Overview of HPC at USC

Cyberinfrastructure overview
Cyberinfrastructure overview (source: https://carc.usc.edu/user-information/system-information)

Hello world

For a quick-n-dirty intro to Slurm, we will start with a simple “Hello world” using Slurm + R. For this, we need to go through the following steps:

  1. Copy a Slurm script to HPC,

  2. Logging to HPC, and

  3. Submit the job using sbatch.

Step 1: Copy the Slurm script to HPC

We need to copy the following Slurm script to HPC (00-hello-world.slurm):

#!/bin/sh
#SBATCH --output=00-hello-world.out
module load usc r
Rscript -e "paste('Hello from node', Sys.getenv('SLURMD_NODENAME'))"

Which has four lines:

  1. #!/bin/sh the shebang (shewhat?)

  2. #SBATCH --output=00-hello-world.out an option to be passed to sbatch, in this case, the name of the output file to which stdout and stderr will go.

  3. module load usc r uses Lmod to load the usc (required) and R modules.

  4. Rscript ... a call to R to evaluate the expression paste(...).

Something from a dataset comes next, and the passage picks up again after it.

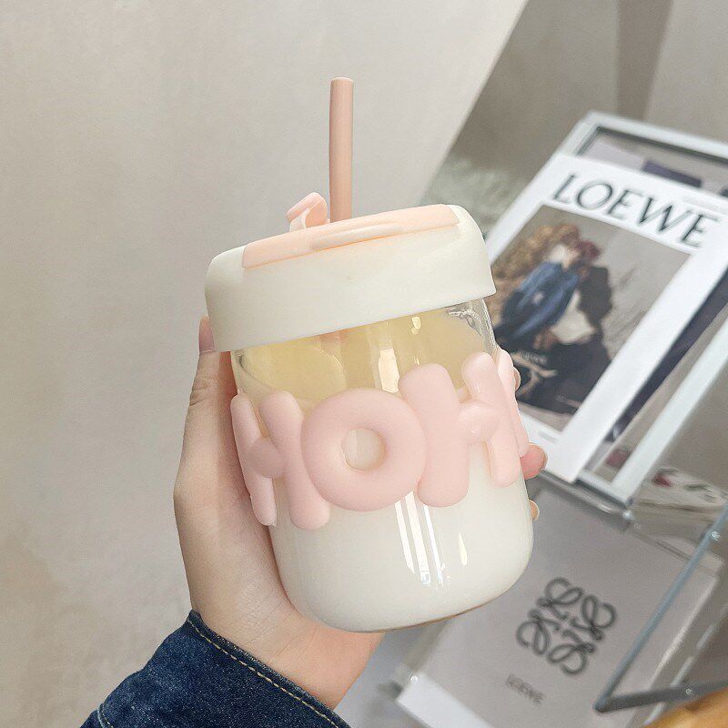 📚 新款豆浆杯家用便携外带上班族耐高温咖啡玻璃杯女士可爱带吸管

This will get the environment variable SLURMD_NODENAME (which sbatch creates) and print it on a message.

To do so, we will use Secure copy protocol (scp), which allows us to copy data to and fro computers. In this case, we should do something like the following

scp 00-hello-world.slurm vegayon@hpc-transfer1.usc.edu:/home1/vegayon/

In words, "Using the username vegayon, connect to hpc-transfer1.usc.edu, take the file 00-hello-world.slurm and copy it to /home1/vegayon/. With the file now available in the cluster, we can submit this job using Slurm.

Step 2: Logging to HPC

  1. Log-in using ssh. In the case of Windows users, download the Putty client. You have two options, the discovery or endeavour clusters.

  2. To login, you will need to use your USC Net ID. If your USC email is flasname@usc.edu, your USC Net ID is flastname. Then:

    ssh flastname@discovery.usc.edu

    if you want to use the discovery cluster (available to all USC members), or

    ssh flastname@endeavour.usc.edu

    if you want to use the endeavour cluster (using private condos).

Step 3: Submitting the job

Overall, there are two ways to use the compute nodes: interactively (salloc) and in batch mode (sbatch). In this case, since we have a Slurm script, we will use the latter.

To submit the job, we can simple type the following:

sbatch 00-hello-world.slurm

And that’s it!

In the case of interactive sessions, You can start one using the salloc command. For example, if you wanted to run R with 8 cores, using 16 Gigs of memory in total, you would need to do the following:

salloc -n1 --cpus-per-task=8 --mem-per-cpu=2G --time=01:00:00

Once your request is submitted, you will get access to a compute node. Within it, you can load the required modules and start R:

module load usc r
R

Interactive sessions are not recommended for long jobs. Instead, use this resource if you need to inspect some large dataset, debug your code, etc.